[EXERCISE AIM]
Retype the following records exactly and exclude the pictures.

TASK INPUTS Start Marker

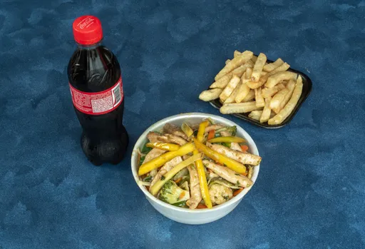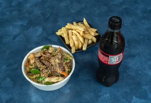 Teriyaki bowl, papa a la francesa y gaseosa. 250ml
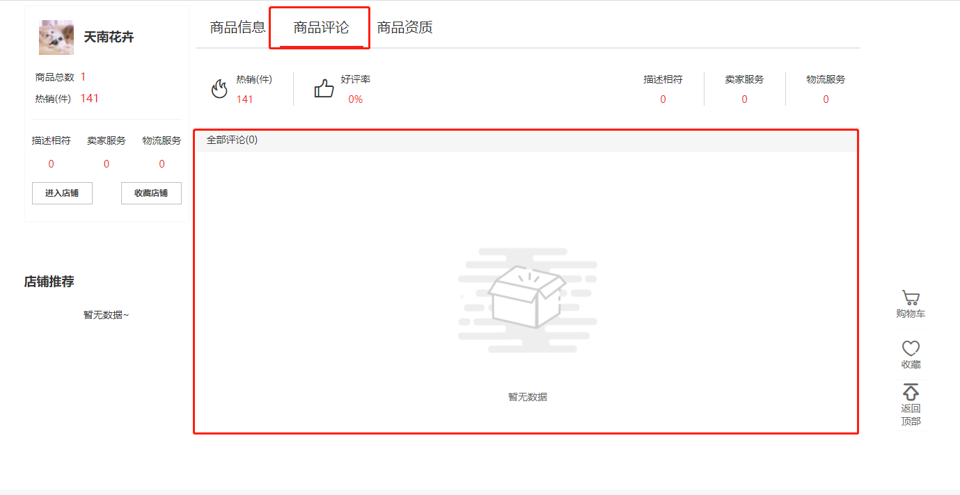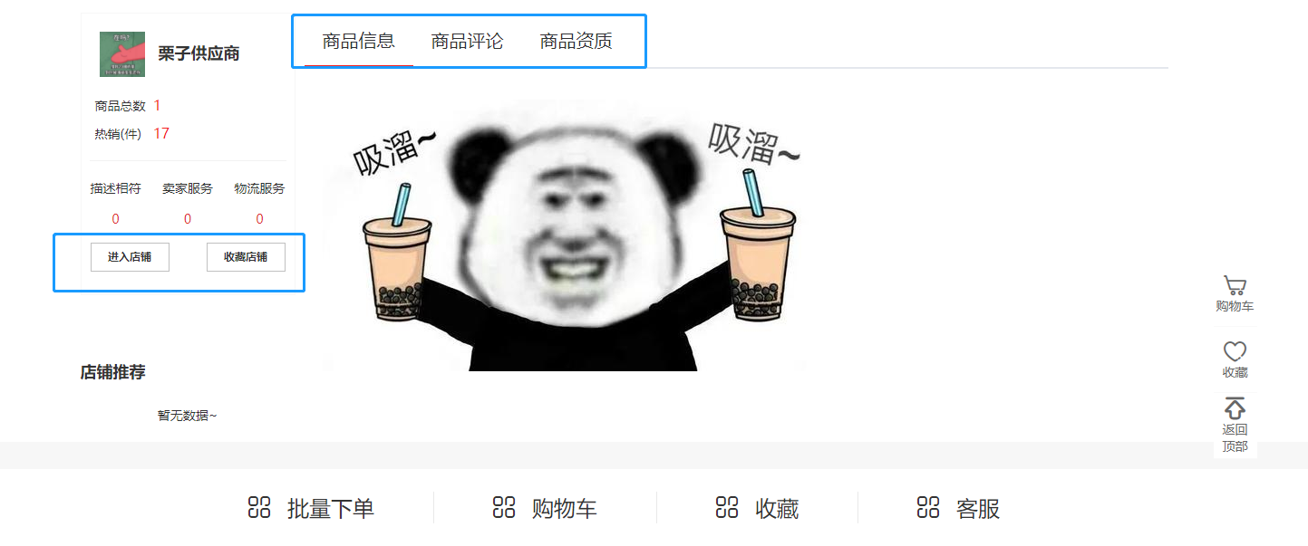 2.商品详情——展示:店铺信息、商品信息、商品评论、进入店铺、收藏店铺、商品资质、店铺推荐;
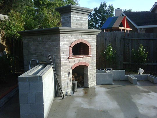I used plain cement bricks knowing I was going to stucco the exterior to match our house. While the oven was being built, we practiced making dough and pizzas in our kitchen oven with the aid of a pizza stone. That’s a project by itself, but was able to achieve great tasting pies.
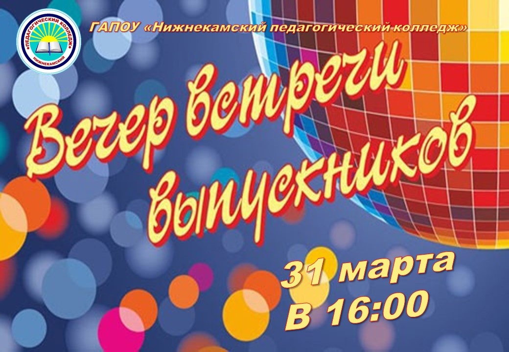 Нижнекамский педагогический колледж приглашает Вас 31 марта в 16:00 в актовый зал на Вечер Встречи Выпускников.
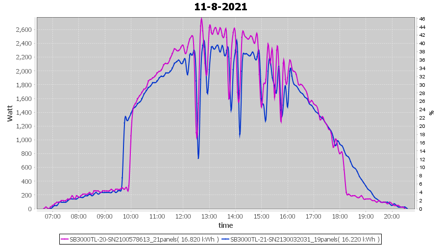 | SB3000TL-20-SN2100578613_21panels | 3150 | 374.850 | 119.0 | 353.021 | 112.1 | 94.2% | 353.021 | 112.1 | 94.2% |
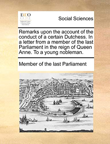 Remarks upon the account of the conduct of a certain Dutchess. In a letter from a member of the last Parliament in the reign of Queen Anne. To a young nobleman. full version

TASK INPUTS End Marker

[TASK RESPONSE]
 Teriyaki bowl, papa a la francesa y gaseosa. 250ml
 2.商品详情——展示:店铺信息、商品信息、商品评论、进入店铺、收藏店铺、商品资质、店铺推荐;
I used plain cement bricks knowing I was going to stucco the exterior to match our house. While the oven was being built, we practiced making dough and pizzas in our kitchen oven with the aid of a pizza stone. That’s a project by itself, but was able to achieve great tasting pies.
 Нижнекамский педагогический колледж приглашает Вас 31 марта в 16:00 в актовый зал на Вечер Встречи Выпускников.
 | SB3000TL-20-SN2100578613_21panels | 3150 | 374.850 | 119.0 | 353.021 | 112.1 | 94.2% | 353.021 | 112.1 | 94.2% |
 Remarks upon the account of the conduct of a certain Dutchess. In a letter from a member of the last Parliament in the reign of Queen Anne. To a young nobleman. full version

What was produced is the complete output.